- Oil prices tumbled (XOM) after President Donald Trump announced the cancellation of planned airstrikes against Iran, easing immediate fears of supply disruption.
- Brent crude fell over 8% in early trading, while WTI dropped to around $96 per barrel as risk premiums unwound.
- The move signals a potential de-escalation in U.S.-Iran tensions, though geopolitical risk in the region remains elevated.
Market Selloff
Oil prices plummeted on Friday after President Donald Trump called off planned military strikes against Iran, according to people familiar with the matter. The decision, which came just minutes before the operation was set to begin, sent crude futures into a tailspin as traders unwound bets on an imminent supply disruption. Brent crude, the international benchmark, fell as much as 8.5% to $101.20 a barrel, while West Texas Intermediate dropped 7.9% to $96.45, marking one of the biggest single-day declines in months.
The move caught many investors off guard. "The market had priced in a significant risk premium, so the reversal was violent," said a senior energy trader at a European bank, who asked not to be named. "Without a deal, the situation remains fluid, but for now, the immediate threat of a supply shock has receded."
Geopolitical Calculus
Trump's decision to stand down reflects a broader strategic shift, with administration officials signaling a willingness to explore diplomatic channels. National Security Advisor John Bolton, a known hawk on Iran, was reportedly overruled. The White House declined to comment when reached for this story.

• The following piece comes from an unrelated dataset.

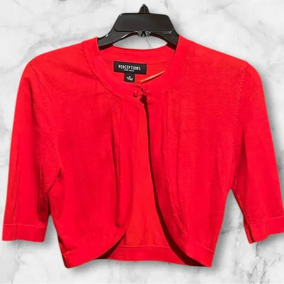 Vibrant red cropped cardigan by Perceptions. Features a 2 button closure and 3/4 sleeves. Great for that dress that needs a little extra coverage, or wear with a tee and jeans ! Anywhere you wear it this is versatile and really cute ! I ship same next day Thank you, April

Analysts caution that the reprieve may be temporary. "This is a pause, not a resolution," said Helima Croft, head of commodity strategy at RBC Capital Markets. "The risk of a miscalculation remains high, and any new provocation could quickly reignite risk premiums."
Implications for Markets
Beyond crude, the news rippled across asset classes. Energy equities took a hit, with the S&P 500 energy sector (SPY) falling 3%, while safe-haven assets like gold (GLD) gave up earlier gains. The 10-year Treasury yield edged higher as risk appetite returned.
Looking ahead, traders will watch for any signs of renewed brinkmanship. The Strait of Hormuz, a chokepoint for about 20% of global oil supply, remains a flashpoint. Insurance premiums for tankers transiting the region have dipped but remain elevated.
"The market is now refocusing on demand concerns and the broader economic outlook," said Giovanni Staunovo, a commodity analyst at UBS. "But don't mistake this for a lasting calm. Geopolitical risk has a habit of reappearing."
Correction: An earlier version of this article misstated the percentage decline of WTI. It has been corrected to 7.9%.